• INPUT DATA:
+--

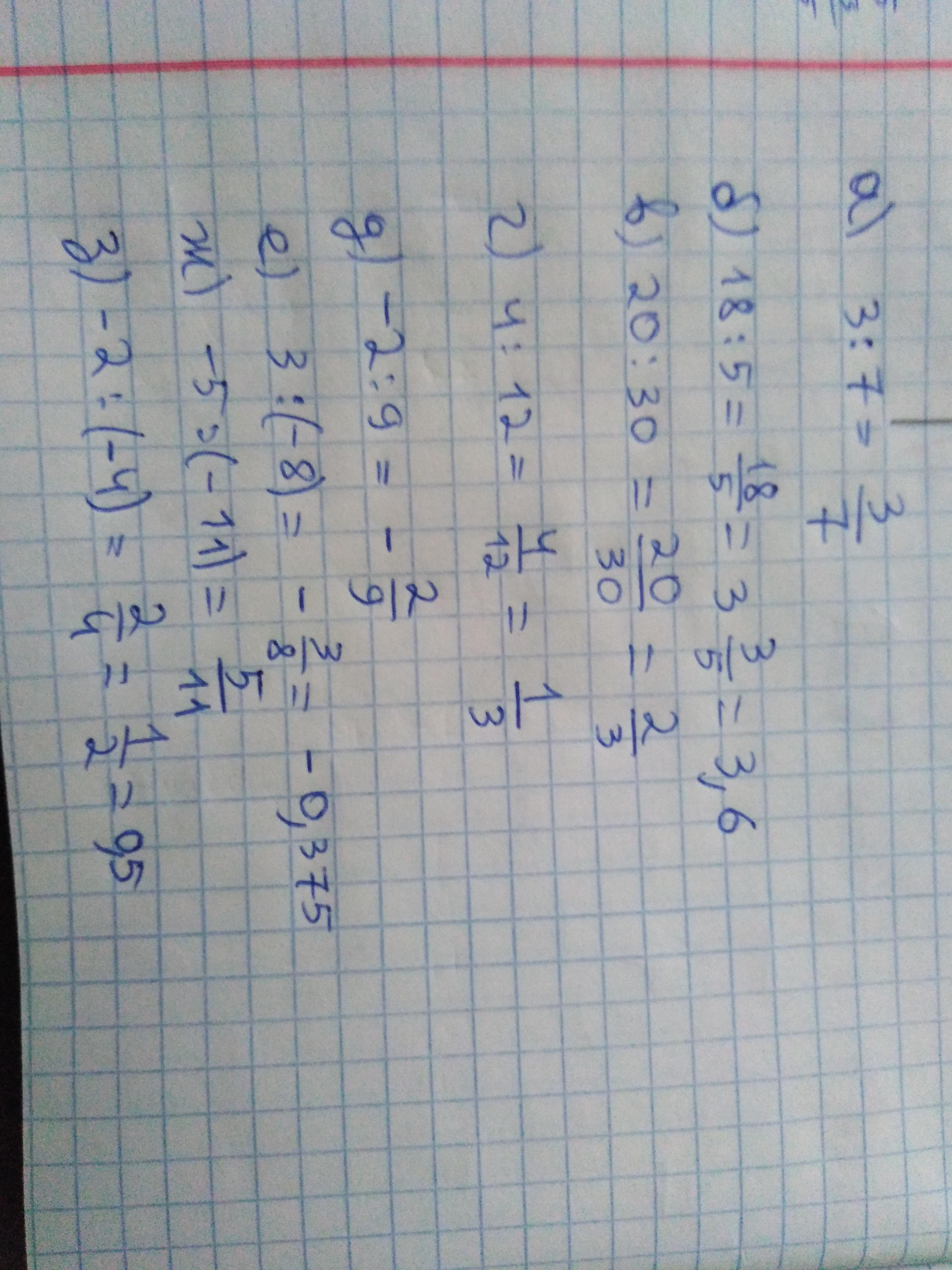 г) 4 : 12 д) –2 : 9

+--

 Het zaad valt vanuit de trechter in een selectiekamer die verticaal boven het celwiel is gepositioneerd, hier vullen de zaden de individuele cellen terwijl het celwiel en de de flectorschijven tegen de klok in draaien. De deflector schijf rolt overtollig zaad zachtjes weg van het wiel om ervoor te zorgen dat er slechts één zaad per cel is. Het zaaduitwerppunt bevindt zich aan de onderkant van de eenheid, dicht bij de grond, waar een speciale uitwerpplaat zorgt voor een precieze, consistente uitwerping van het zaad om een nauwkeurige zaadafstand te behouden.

+--

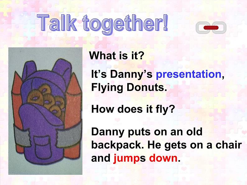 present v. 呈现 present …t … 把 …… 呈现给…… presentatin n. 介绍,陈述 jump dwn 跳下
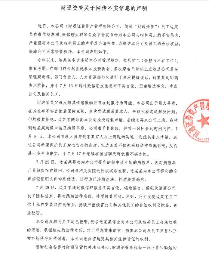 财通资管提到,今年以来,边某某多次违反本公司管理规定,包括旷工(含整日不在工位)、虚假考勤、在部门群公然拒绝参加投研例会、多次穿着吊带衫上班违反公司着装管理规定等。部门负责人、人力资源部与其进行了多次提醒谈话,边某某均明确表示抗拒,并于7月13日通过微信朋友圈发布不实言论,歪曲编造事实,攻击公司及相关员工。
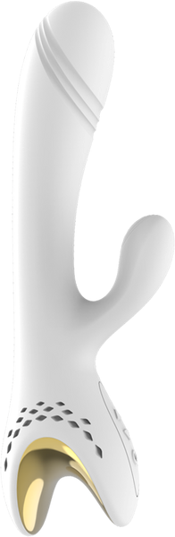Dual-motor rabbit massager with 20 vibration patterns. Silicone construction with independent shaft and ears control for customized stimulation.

+--

• EXERCISE DIRECTIONS:
Beginning with the line above that contains "present v. 呈现" and finishing with the line that contains "Dual-motor rabbit massager", print those lines exactly and only. Skip all pictures.

• EXERCISE RESULT:
 present v. 呈现 present …t … 把 …… 呈现给…… presentatin n. 介绍,陈述 jump dwn 跳下
 财通资管提到,今年以来,边某某多次违反本公司管理规定,包括旷工(含整日不在工位)、虚假考勤、在部门群公然拒绝参加投研例会、多次穿着吊带衫上班违反公司着装管理规定等。部门负责人、人力资源部与其进行了多次提醒谈话,边某某均明确表示抗拒,并于7月13日通过微信朋友圈发布不实言论,歪曲编造事实,攻击公司及相关员工。
Dual-motor rabbit massager with 20 vibration patterns. Silicone construction with independent shaft and ears control for customized stimulation.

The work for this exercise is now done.